Adman/filmmaker Schulze’s film bows at Black Harvest

Filmmaker Hugh Schulze

Hugh Schulze, the CEO of West Loop marketing communications agency recently turned filmmaker, returned to his home town of Detroit in 2012 to direct his debut dramatic feature Cass, screening Aug. 17-18 in the Gene Siskel Film Center’s Black Harvest Film Festival.

Rachel Hilson (The Good Wife) stars as a middle-class, 15-year old African American girl, reeling from the loss of her mother, who is drawn to the mysterious white artist squatting in the abandoned house next door (David Dastmalchian, Animals, Ant Man).

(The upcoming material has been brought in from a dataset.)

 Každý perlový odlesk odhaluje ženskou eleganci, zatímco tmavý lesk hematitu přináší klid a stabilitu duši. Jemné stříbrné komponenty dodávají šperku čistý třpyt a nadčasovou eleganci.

Also starring are veteran TV actor James McDaniel (Detroit 1-8-7) as Cass’ single father and Craig Woodall, a Detroit theatre actor as her younger brother.

Dastmalchian also starred in Schulze’s two previous shorts, IFP Production Fund winner Arc of a Bird (2008)and the seed film for Cass, and Credits (2009).  Schulze is a coproducer of Dastmalchian feature Animals, which premiered at SXSW this year.

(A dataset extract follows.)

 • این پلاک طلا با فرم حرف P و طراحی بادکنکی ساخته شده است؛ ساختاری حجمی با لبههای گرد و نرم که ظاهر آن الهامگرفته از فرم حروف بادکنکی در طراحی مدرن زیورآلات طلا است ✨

Schulze founded c|change in 2001. He decided to tell his own stories after years of producing films for his clients.  Comparing his day job to directing his first feature, he says, “They both demand you find people who are very good at what they do and with whom you can collaborate.”

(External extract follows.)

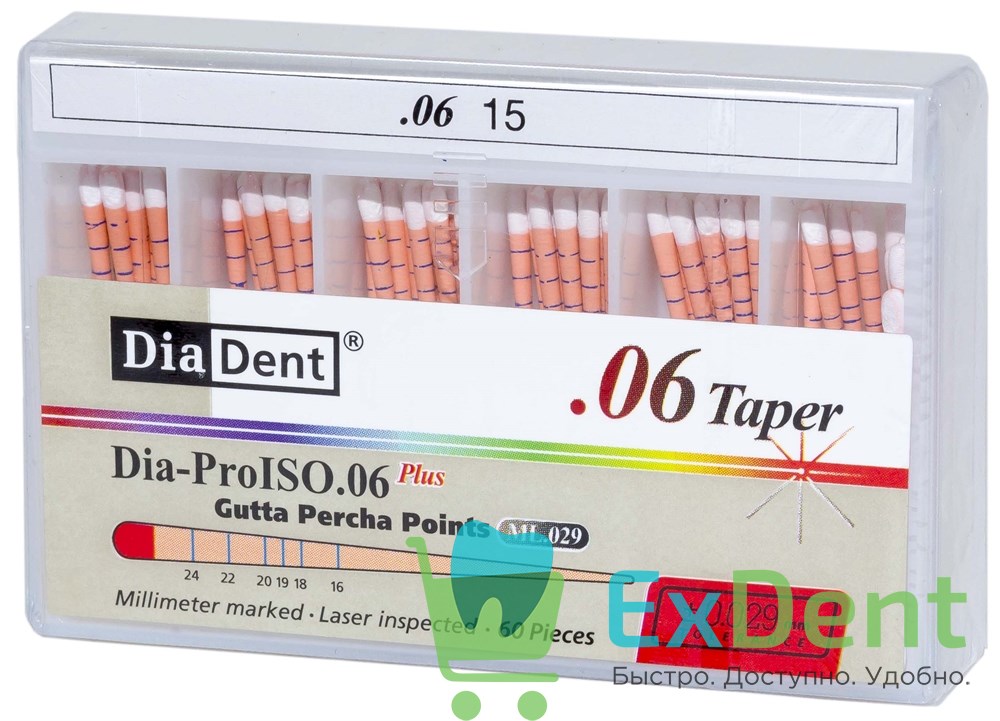 Гуттаперчевые штифты 06 №15 DiaDent для пломбирования корневых каналов (60 шт)

Rachel Hilson as "Cass"The story was strictly Schulz’ own invention, he says, writing the screenplay based on his own experience in Detroit, where his earliest memories are of Detroit in flames during the deadly 1967 riots and “how intertwined race and economics are in the current challenges of America’s urban centers. 

“There were also elements of a real life woven into the story, such as issues of middle class; I wanted to show how a father deals with his children,” he says.

Schulze employed what he calls the “Coppola Strategy” to finance Cass: “I felt strongly enough about the script that I put up my savings and went to the bank to take a loan out against the business,” he says.

Schulz spent a month in Detroit, working with a mixture of crew from Chicago, including producer Stacy Evenson, and DP Ron Forsythe, and Detroit.  Casting was done in both cities. Laura Madalinski edited and Drew Weir was supervising sound editor. 

Schulze says he “continues to look for distribution” for Cass.  “There have been nibbles but nothing solid.” 

He has three scripts with some “strong Chicago themes” that he’s shopping to agents and productions companies, but, he says, “I share the same dysfunction other writers I know have—I much prefer the writing over the self-promotion.”